The new apps greatly enhance the U.S. Figure Skating’s Basic Skills Program, according to Susi Wehrli-McLaughlin, U.S. Figure Skating Senior Director of Membership, and provide quick feedback for those working on the Basic Skills curriculum.

“This is a wonderful addition to our Basic Skills Program and I would encourage our skaters, parents and our instructors to embrace this new technology to enhance their experience with the program,” Wehrli- McLaughlin said.

The U.S. Figure Skating ‘Skate Coach’ App Series includes videos, diagrams and written instruction that enhance a skater’s on ice learning.

For Kaus, the best part of the app is the video feature.

“I find many skaters are visual. To be able to show the video to another child doing the skill is helpful to them to understand the quality we are looking for and give them a visual to work towards,” Kaus said.

Mark Fitzgerald, owner of Rink Tank Interactive and a former World-level skater, believes coaches can look at the new app series as a digital basic skills manual, with video included.

Fitzgerald likes the ease of use.

“The apps are meant to show the skills, not teach them. Three taps and you can get to a video of any skill in the whole discipline,” Fitzgerald said.

Fitzgerald also likes the portability.

“Having more than 400 examples in my pocket at all times and not having to rely on slow downloads of the internet is invaluable. The apps are self-contained so response time for videos is super snappy,” Fitzgerald said.

Kaus also likes the ability to check skills with the push of a button.

“As a coach, I love the ability to check the skills for each level so quickly,” she said.

A slow motion feature is also available.

“When a video starts, tap the pause button and then hold down the fast forward button,” Fitzgerald said. “The demonstration will play on slow-motion. Very handy when trying to break down skills for skaters.”

For Kaus the ability to check skills for each level so quickly at the push of a button is indispensable.

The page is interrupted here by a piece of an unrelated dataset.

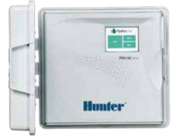
พลาสติกในอาคาร

สูง : 21 ซม. กว้าง : 24 ซม. ลึก : 8.8 ซม.

“It takes the place of me having the rulebook on hand at all times,” Kaus said. “In setting programs for Basic Skills competitions it is also helpful when you do not have either the competition application or rulebook on the ice with you. It has been very convenient.”

Fitzgerald also believes the app series benefits coaches.

“Skaters get totally engrossed by watching videos. They will love the interactivity, and having the videos ready for classes and lessons is priceless. Instead of always telling skaters what they need to do, coaches have another method of showing them,” Fitzgerald said.

Skaters also have the benefit of reviewing the skills after lessons to reinforce what they have learned, according to Fitzgerald.

“They can watch it at the boards, in the car or even at home. It is almost as if they can practice skating without being at the rink. The visual reinforcement is really super to boost learning,” Fitzgerald said.

Kaus feels skaters benefit because they have a list and video to watch what is expected at each level.

“It allows them to be accountable for their own success and monitor themselves when they are not in a lesson,” Kaus said.

Both Kaus and Fitzgerald also believe parents can benefit from the app series as well.

“Parents can finally get a grip on what their children or even they should be learning on the ice,” Fitzgerald said. “Access to information will help them understand where their skaters need to improve if they want to move on to higher levels. The price of $1.99 is the most affordable lesson they will ever get for their skaters,” Fitzgerald said.

“I believe if their child is struggling with certain skills it is a great tool to be able to show them the standard of what we are expecting in order to advance to the next level,” Kaus added

“The technology of where we have come with apps amazes me. It is nice to see skating keeping up with the rest of the world and not being forgotten. You hear people say all the time, ‘there’s an app for that.’ I’m thankful that our sport is included,” Kaus said.